I camped here once, under the tamarisk trees with a handful of other people doing the same thing, and nobody stopped any of us. It’s free, it’s allowed, and the spring water means you genuinely don’t need to carry much in beyond food. I’d still bring water shoes or a decent pair of sandals regardless of how you arrive — the pebbles shift underfoot in places, and a few patches are sharp enough that bare feet aren’t much fun.
Getting There: By Boat From Sfakia or Loutro, or on Foot Along the E4
From Chora Sfakion, small taxi boats run regularly through the day, the crossing taking ten to fifteen minutes and costing somewhere around three to four euros each way depending on the season and who’s running the boat that day. From Loutro, the same kind of boat covers the distance just as quickly. If you’re driving from Chania, you’ll park in Chora Sfakion and finish the trip by boat or on foot — there’s no way to drive any closer.
The hike from Chora Sfakion runs around 30 to 45 minutes along the E4 trail, steep and rocky in stretches; from Loutro, plan on closer to an hour, with a section that runs right along a cliff edge narrow enough that I wouldn’t recommend it if heights genuinely bother you. Both paths are well maintained as part of the wider E4 network, and neither is technically dangerous if you take your time and wear proper shoes.
The Beach: Pebbles and Smooth Stones, Cold Clear Water, Three Smaller Coves Close By
The beach itself runs around 400 metres, pebbles and larger smooth stones rather than sand, the water some of the clearest I found anywhere on Crete — clear enough that snorkelling along the rocky margins turned up fish and underwater rock formations without much effort on my part. The seabed deepens quickly in places, so I’d keep a closer eye on less confident swimmers than I might at a gentler, sandier beach.
A trio of smaller, even quieter coves — Small Perivolaki, Large Perivolaki, and Timios Stavros — sit further west along the same trail toward Loutro, popular with naturists and snorkellers specifically because they’re harder to reach and carry no facilities at all. I walked through all three on my way back from Glyka Nera one afternoon and found each one almost entirely empty, which felt like its own small reward for the extra effort.
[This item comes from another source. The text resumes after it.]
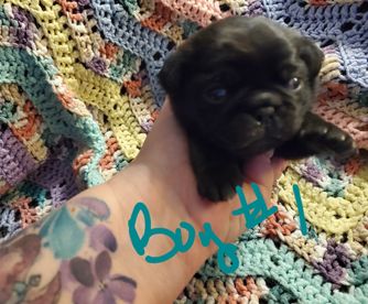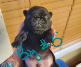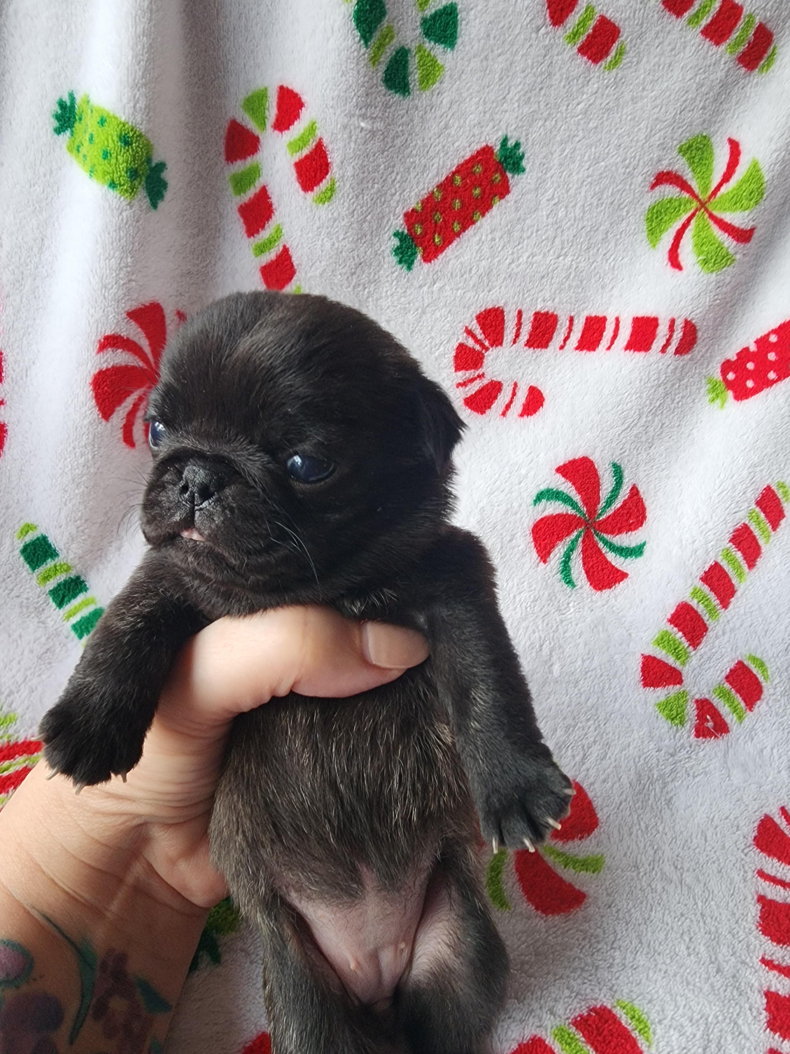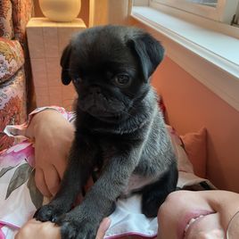 Ember is a female Pug (Non-standard). Carefully selected as a great representative of her breed, Dawn decided to make her part of their program. Dawn has passed Good Dog’s screening process, which involved a review of their breeding practices, environment, and the mental and physical health of their dogs.
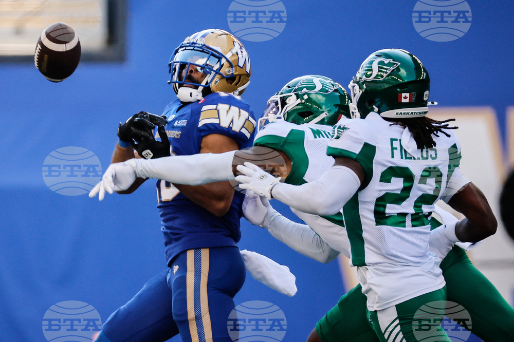 Saskatchewan Roughriders' Rolan Milligan (0) knocks the pass away from Winnipeg Blue Bombers' Nic Demski (10) during the first half of a CFL football game in Winnipeg, Manitoba, Saturday, Sept. 6, 2025. (John Woods/The Canadian Press via AP)

Glyka Nera, between Chora Sfakion and Loutro on Crete’s south coast, earns its name honestly: freshwater springs bubble straight up through the pebbles, cold enough to keep the sea noticeably cooler here than anywhere nearby, and clean enough to drink directly from a hand-dug pit in the sand. No road reaches it — boat or a cliffside hike are the only ways in. A rock-top taverna, rented sunbeds near it, tamarisk shade further along, an open and unbothered nudist stretch toward the east end, and camping that’s both free and genuinely common. Three smaller, quieter coves sit a short walk further along the same trail toward Loutro for anyone wanting even more solitude.
Take the boat from Sfakia or Loutro for the easy way in, or walk the E4 trail if you want the harder, more memorable route. Bring water shoes. Dig your own small pit in the pebbles and try the spring water — it’s genuinely worth doing once.